─── Data block ───

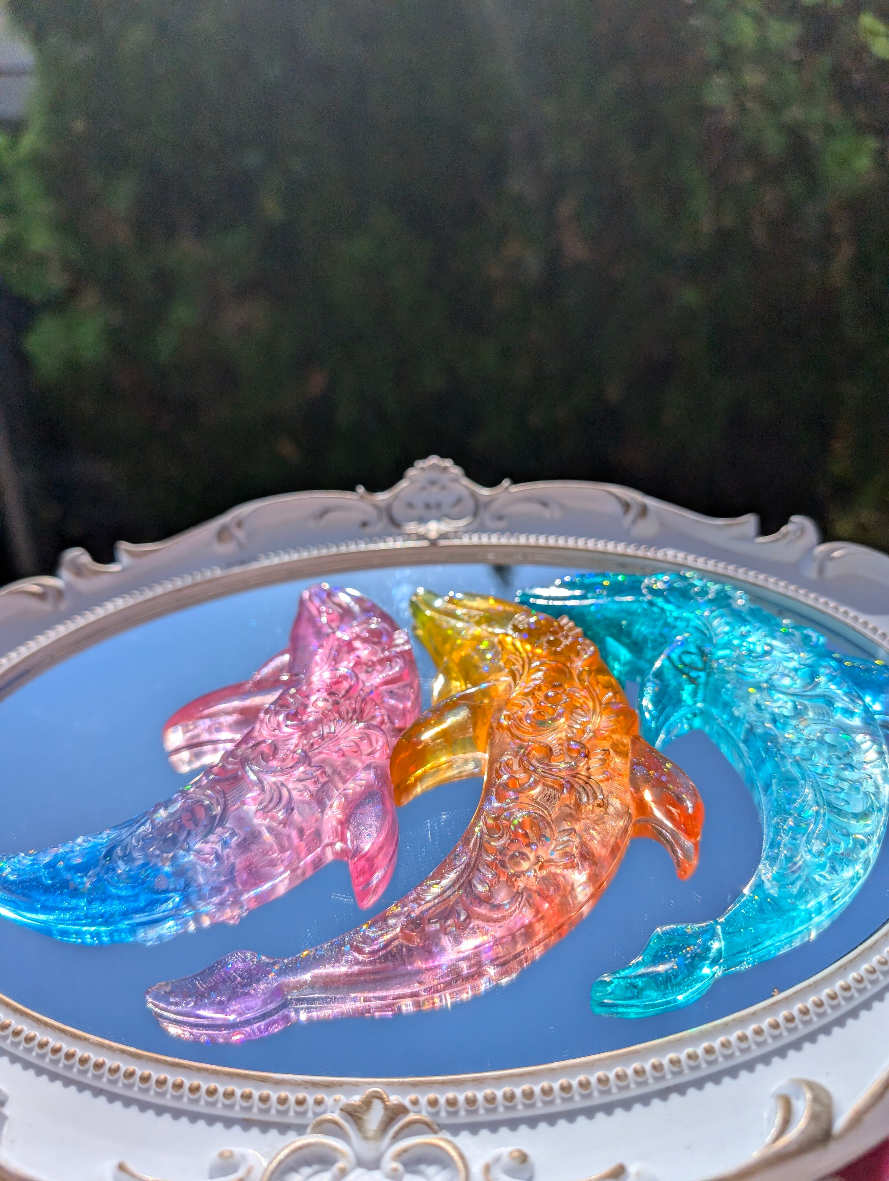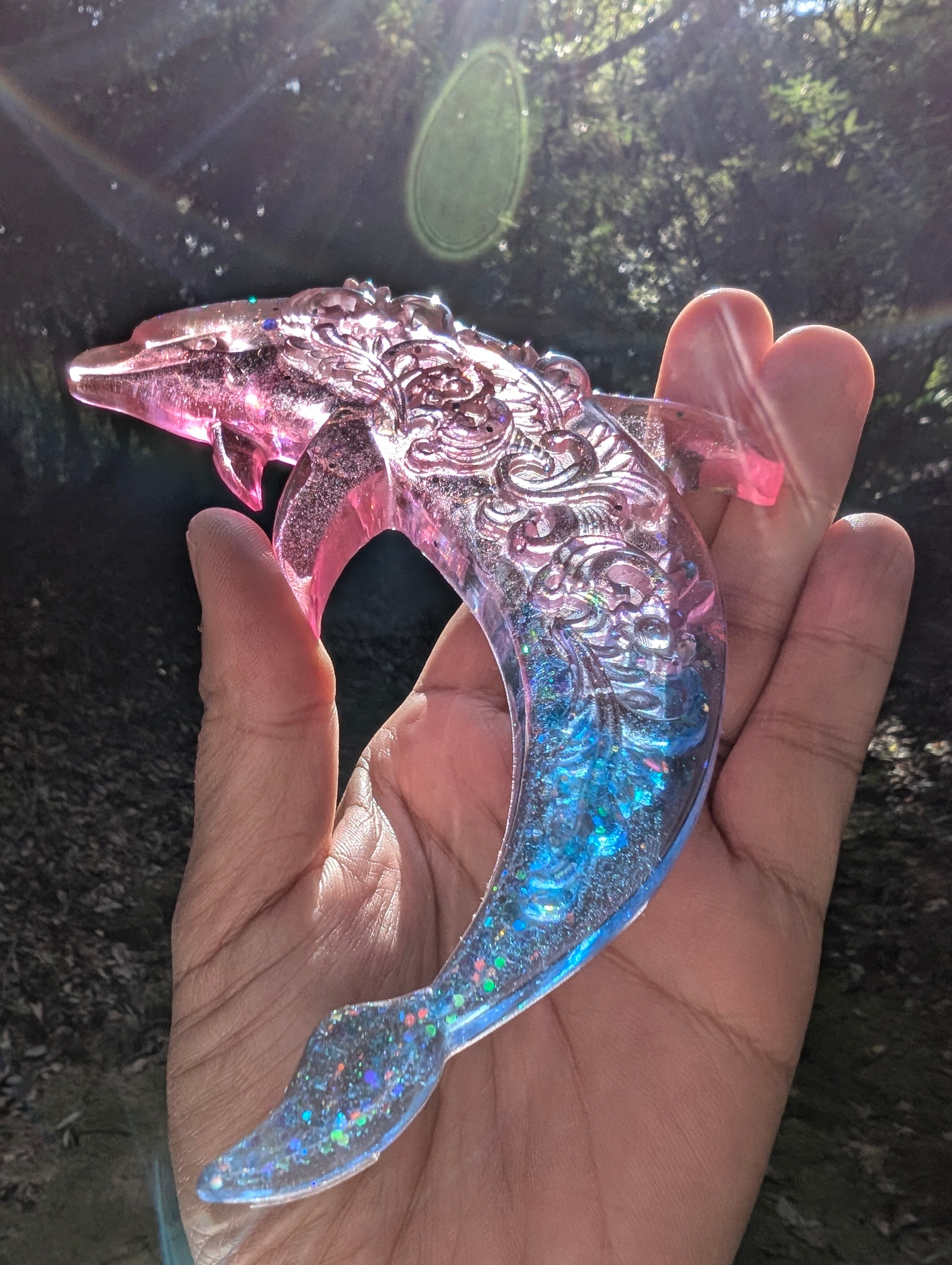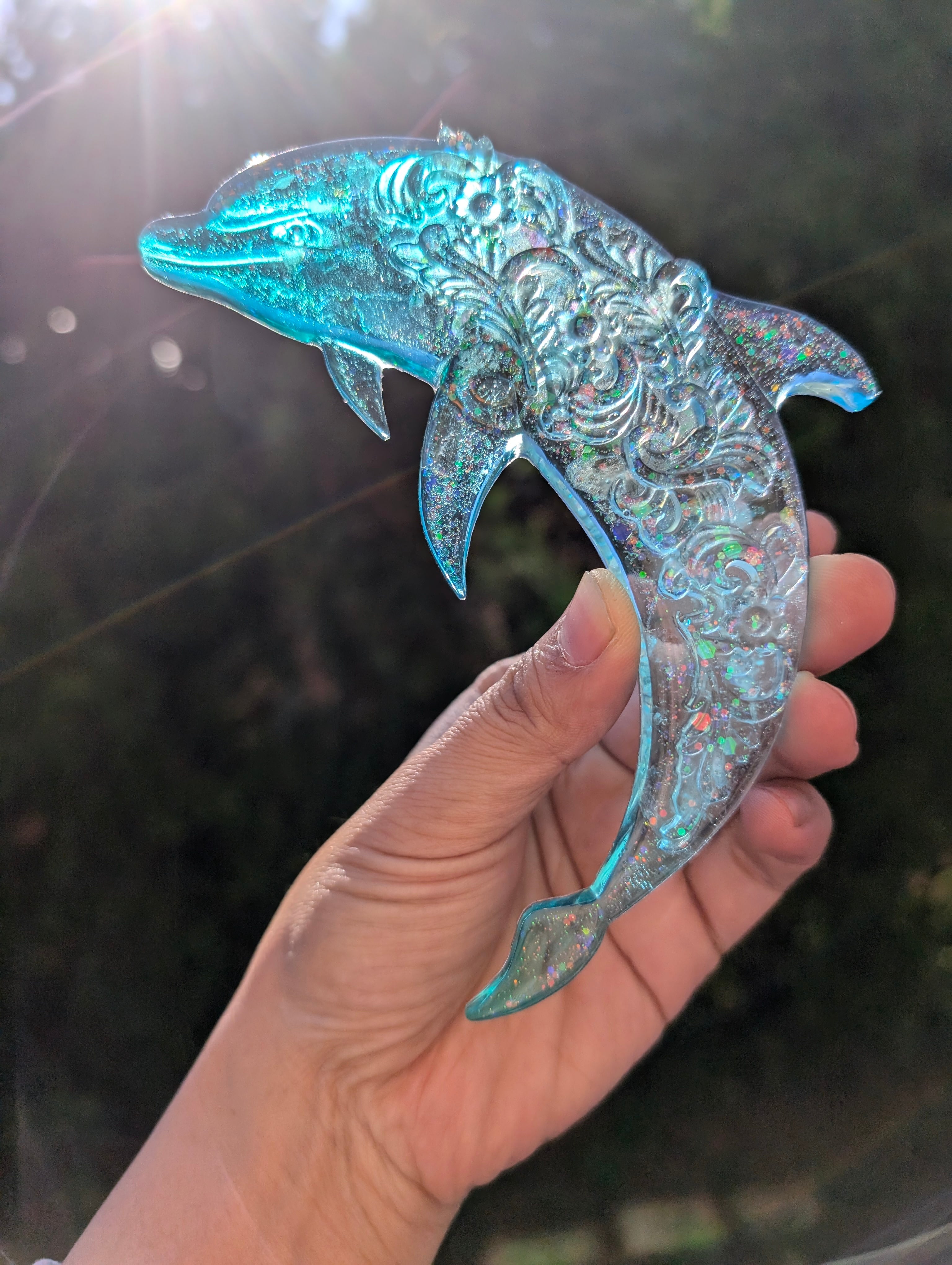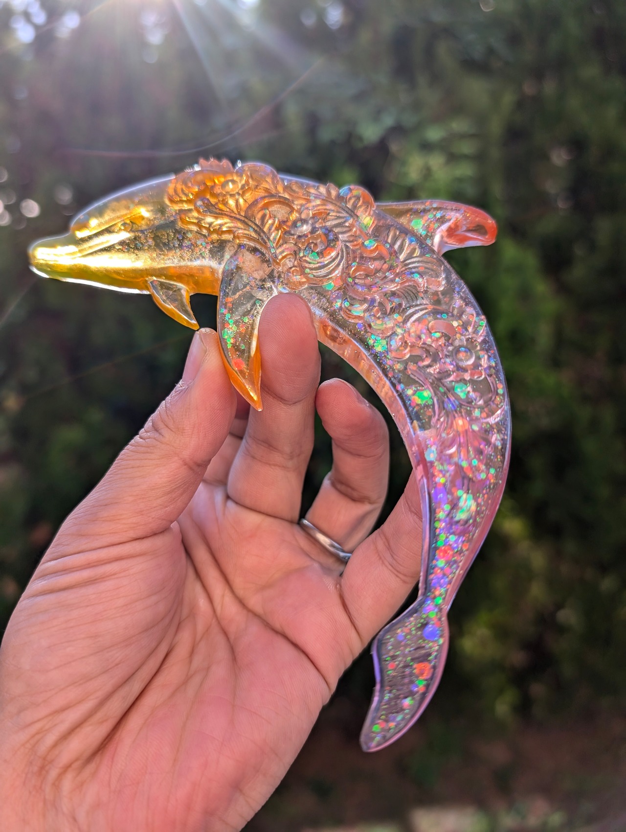 ドルフィンの体は全身が輝く光沢で包まれていて、非常に純粋な心を持っており、闇とは真逆のところにいる生き物で、悪を消し去る強いパワーを持っていると言われています。
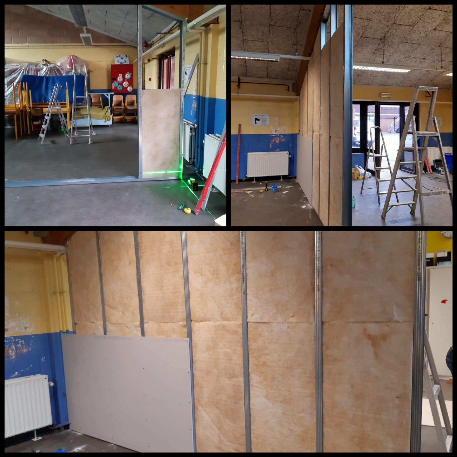 Grâce à la générosité d’une chouette équipe de parents, des travaux ont été réalisé afin de scinder le local « garderie » et créer une nouvelle classe dans cet espace.
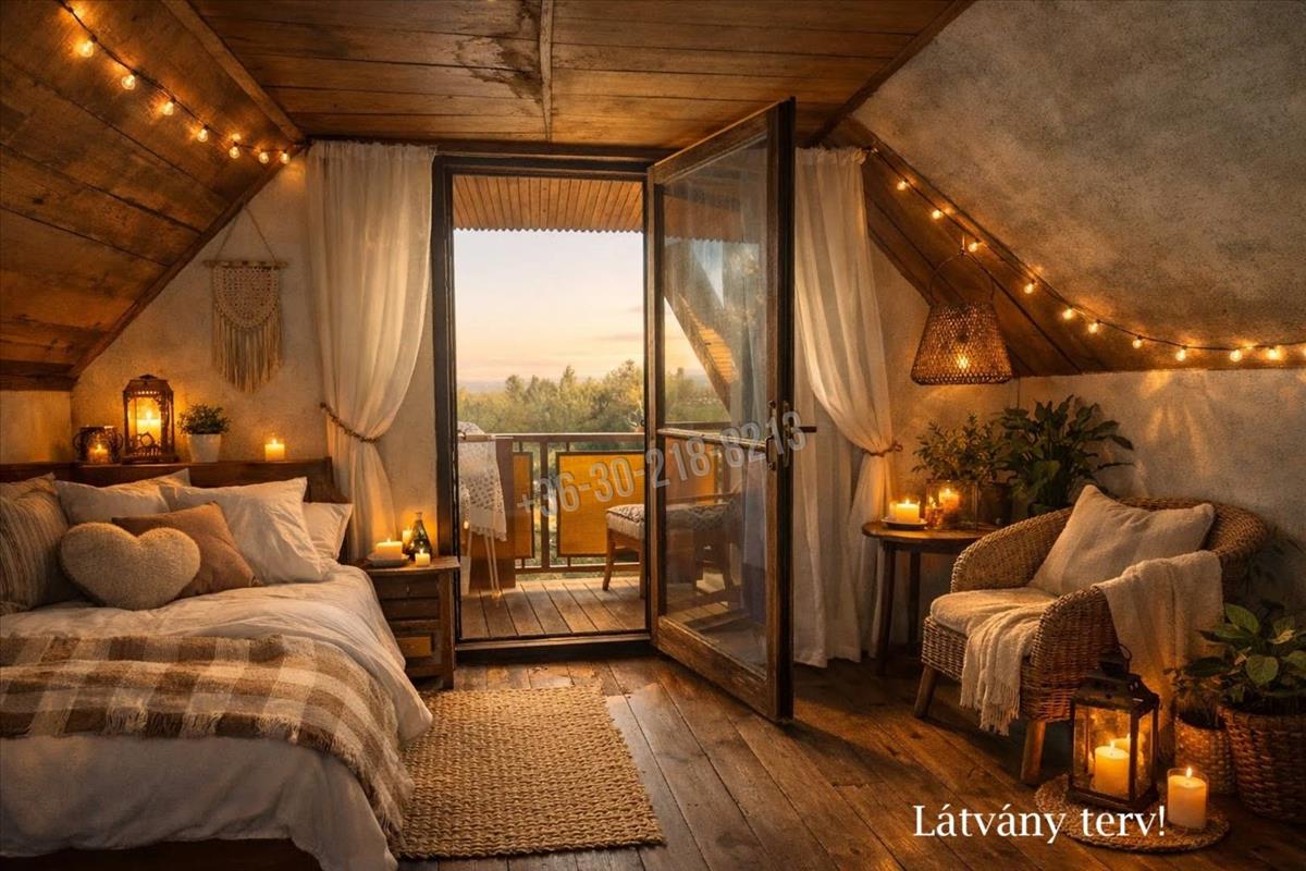 - Emeleten kis padlásszoba és a szemet gyönyörködtető egri dombság látképe fogad.

───

- Task objective: From the first line to the last, retype the data exactly, without images.

- Expected output:
 ドルフィンの体は全身が輝く光沢で包まれていて、非常に純粋な心を持っており、闇とは真逆のところにいる生き物で、悪を消し去る強いパワーを持っていると言われています。
 Grâce à la générosité d’une chouette équipe de parents, des travaux ont été réalisé afin de scinder le local « garderie » et créer une nouvelle classe dans cet espace.
 - Emeleten kis padlásszoba és a szemet gyönyörködtető egri dombság látképe fogad.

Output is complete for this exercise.